> Stored data:
•••

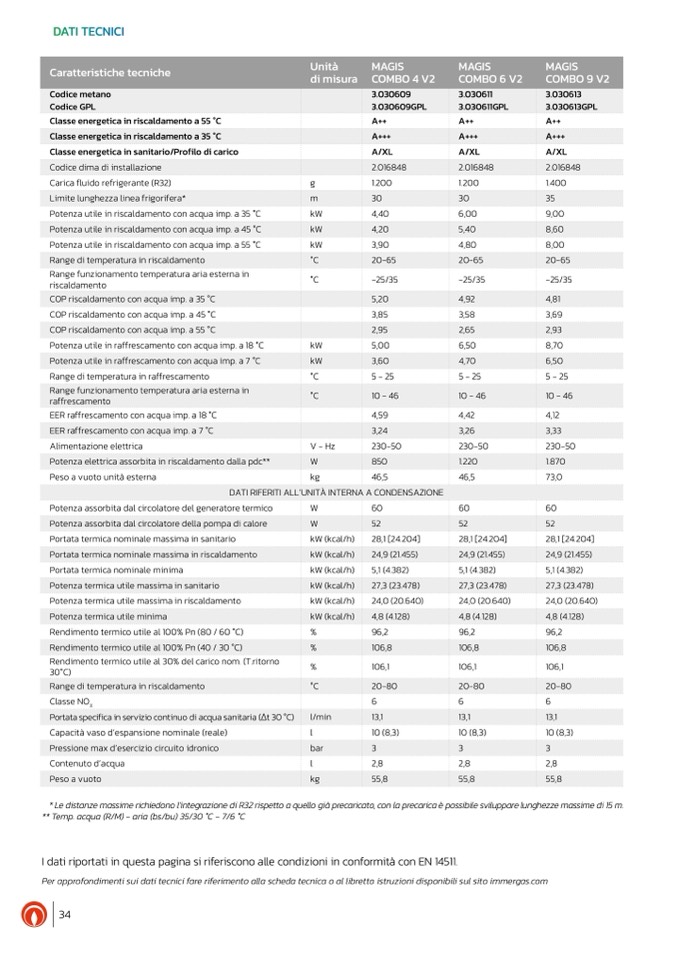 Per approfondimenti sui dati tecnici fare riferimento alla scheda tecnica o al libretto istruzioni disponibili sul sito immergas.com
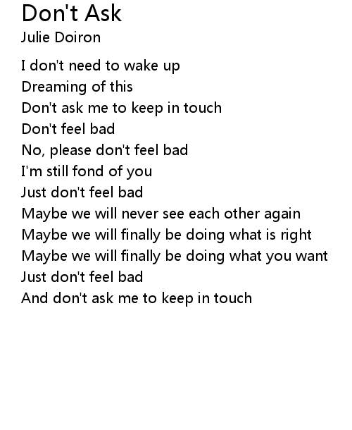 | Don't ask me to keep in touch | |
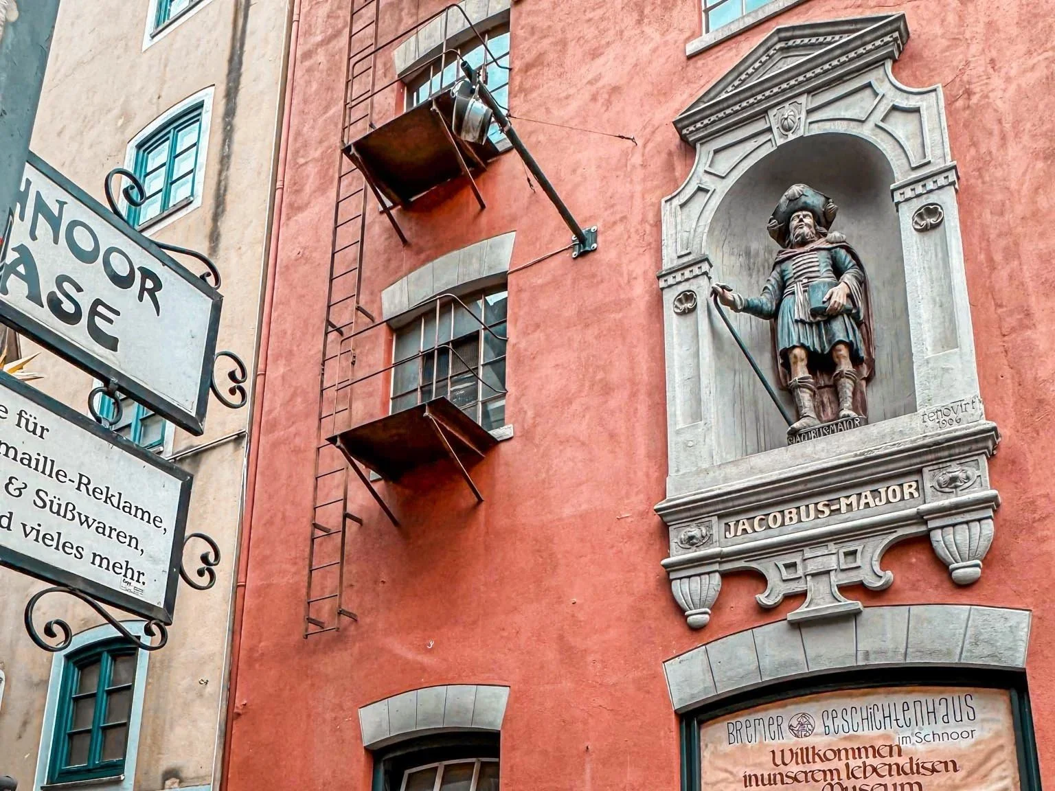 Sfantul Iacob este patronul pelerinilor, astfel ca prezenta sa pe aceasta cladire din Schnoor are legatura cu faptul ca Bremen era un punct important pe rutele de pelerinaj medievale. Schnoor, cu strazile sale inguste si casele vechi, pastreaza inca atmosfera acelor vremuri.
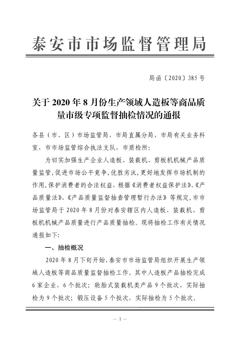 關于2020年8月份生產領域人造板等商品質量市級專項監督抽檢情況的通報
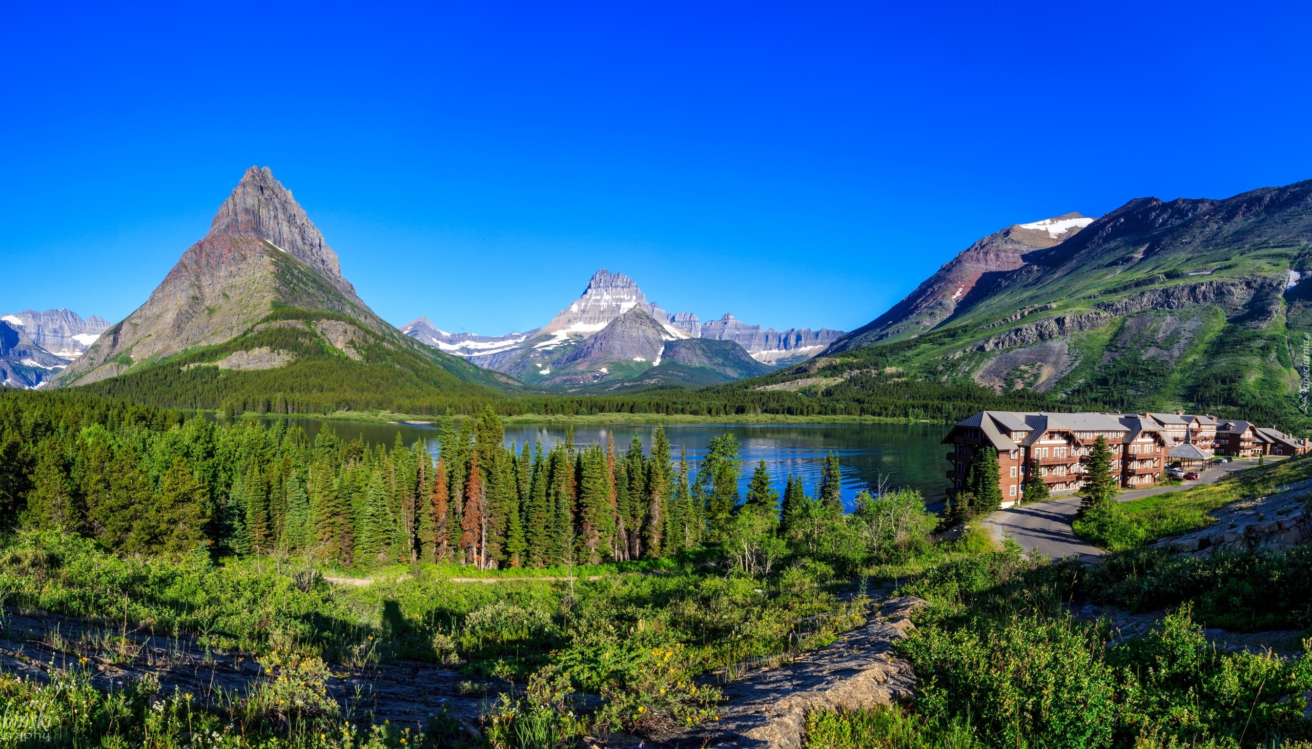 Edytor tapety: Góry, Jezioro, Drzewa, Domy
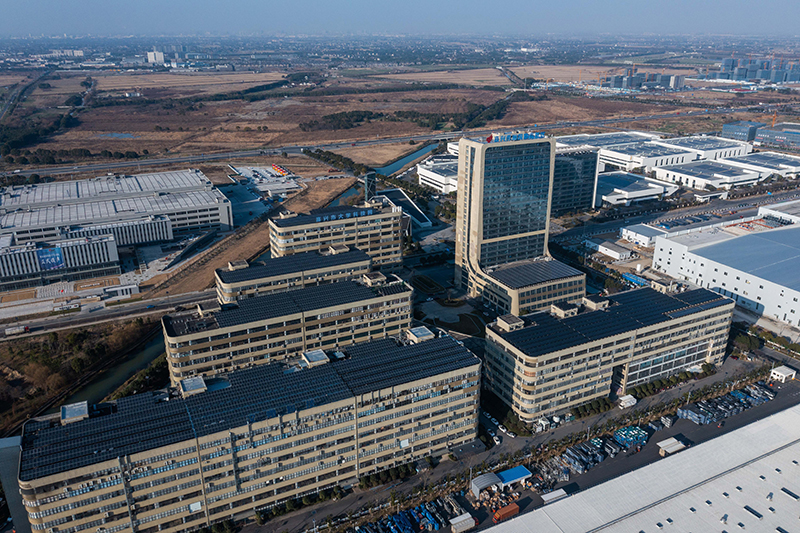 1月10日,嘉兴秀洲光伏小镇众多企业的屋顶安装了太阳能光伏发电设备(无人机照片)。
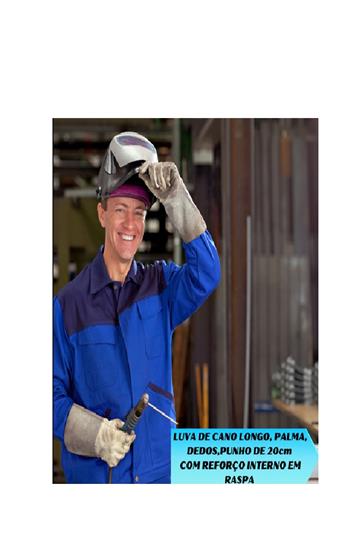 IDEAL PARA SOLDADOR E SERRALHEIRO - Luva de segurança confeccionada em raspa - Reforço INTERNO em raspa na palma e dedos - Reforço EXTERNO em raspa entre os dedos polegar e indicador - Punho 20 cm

•••

> Work required:
Print the stretch of the data from the line with "in touch | |" through its last line, exactly and with both ends kept. Omit pictures.

> Your solution:
 | Don't ask me to keep in touch | |
 Sfantul Iacob este patronul pelerinilor, astfel ca prezenta sa pe aceasta cladire din Schnoor are legatura cu faptul ca Bremen era un punct important pe rutele de pelerinaj medievale. Schnoor, cu strazile sale inguste si casele vechi, pastreaza inca atmosfera acelor vremuri.
 關于2020年8月份生產領域人造板等商品質量市級專項監督抽檢情況的通報
 Edytor tapety: Góry, Jezioro, Drzewa, Domy
 1月10日,嘉兴秀洲光伏小镇众多企业的屋顶安装了太阳能光伏发电设备(无人机照片)。
 IDEAL PARA SOLDADOR E SERRALHEIRO - Luva de segurança confeccionada em raspa - Reforço INTERNO em raspa na palma e dedos - Reforço EXTERNO em raspa entre os dedos polegar e indicador - Punho 20 cm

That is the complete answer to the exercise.